# Required work
The reply should hold only the lines from the one with "Bridal Bouquet (Garden-cut)" to the one with "The ancient Roman", both ends kept, exactly as they appear below, without any pictures.
*** Opening of Data ***
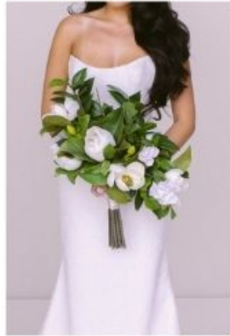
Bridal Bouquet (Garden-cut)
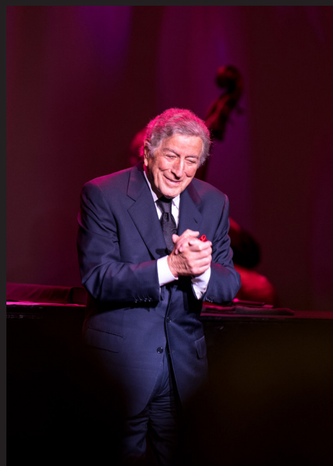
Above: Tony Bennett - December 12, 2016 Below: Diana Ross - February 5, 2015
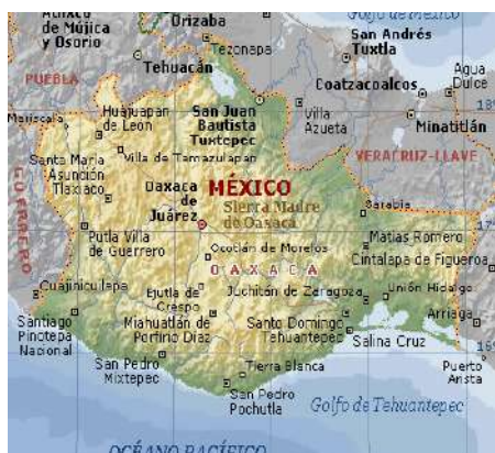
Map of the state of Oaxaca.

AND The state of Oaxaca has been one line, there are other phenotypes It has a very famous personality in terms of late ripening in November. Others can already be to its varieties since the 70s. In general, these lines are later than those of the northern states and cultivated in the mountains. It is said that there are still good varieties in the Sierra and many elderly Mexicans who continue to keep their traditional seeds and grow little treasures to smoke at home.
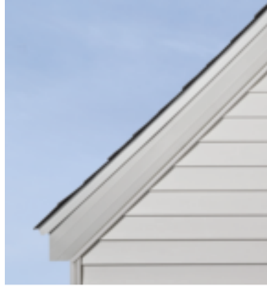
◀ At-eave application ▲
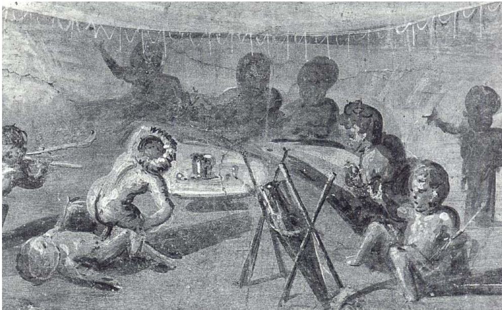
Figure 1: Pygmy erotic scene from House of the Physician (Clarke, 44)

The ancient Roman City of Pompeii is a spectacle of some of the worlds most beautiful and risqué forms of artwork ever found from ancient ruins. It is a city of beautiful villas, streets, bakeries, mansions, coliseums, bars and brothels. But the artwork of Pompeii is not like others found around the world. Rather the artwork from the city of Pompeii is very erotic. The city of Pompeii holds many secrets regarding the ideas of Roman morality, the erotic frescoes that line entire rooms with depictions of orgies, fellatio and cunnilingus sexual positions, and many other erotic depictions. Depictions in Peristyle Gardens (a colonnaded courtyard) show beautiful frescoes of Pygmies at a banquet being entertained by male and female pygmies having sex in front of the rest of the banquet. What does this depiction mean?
*** Close of Data ***
*** Opening of Data ***
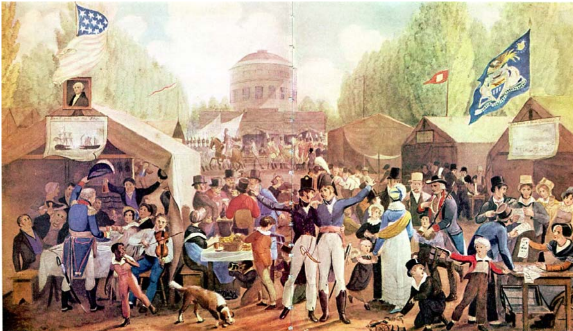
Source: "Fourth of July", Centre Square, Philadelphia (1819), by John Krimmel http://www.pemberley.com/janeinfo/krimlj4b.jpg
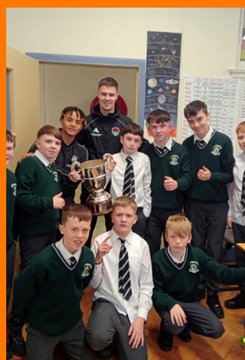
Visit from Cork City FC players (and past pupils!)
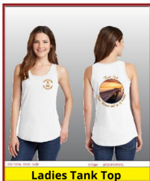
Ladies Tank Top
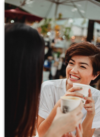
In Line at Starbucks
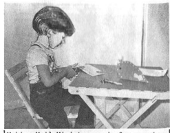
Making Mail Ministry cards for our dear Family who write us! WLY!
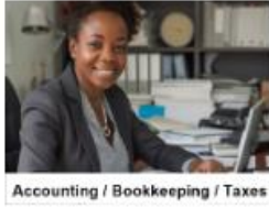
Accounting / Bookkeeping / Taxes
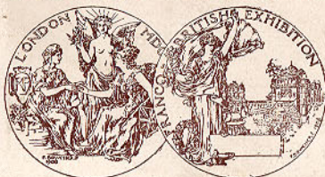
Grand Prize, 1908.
*** Close of Data ***
# Result of this task
Bridal Bouquet (Garden-cut)
Above: Tony Bennett - December 12, 2016 Below: Diana Ross - February 5, 2015
Map of the state of Oaxaca.

AND The state of Oaxaca has been one line, there are other phenotypes It has a very famous personality in terms of late ripening in November. Others can already be to its varieties since the 70s. In general, these lines are later than those of the northern states and cultivated in the mountains. It is said that there are still good varieties in the Sierra and many elderly Mexicans who continue to keep their traditional seeds and grow little treasures to smoke at home.
◀ At-eave application ▲
Figure 1: Pygmy erotic scene from House of the Physician (Clarke, 44)

The ancient Roman City of Pompeii is a spectacle of some of the worlds most beautiful and risqué forms of artwork ever found from ancient ruins. It is a city of beautiful villas, streets, bakeries, mansions, coliseums, bars and brothels. But the artwork of Pompeii is not like others found around the world. Rather the artwork from the city of Pompeii is very erotic. The city of Pompeii holds many secrets regarding the ideas of Roman morality, the erotic frescoes that line entire rooms with depictions of orgies, fellatio and cunnilingus sexual positions, and many other erotic depictions. Depictions in Peristyle Gardens (a colonnaded courtyard) show beautiful frescoes of Pygmies at a banquet being entertained by male and female pygmies having sex in front of the rest of the banquet. What does this depiction mean?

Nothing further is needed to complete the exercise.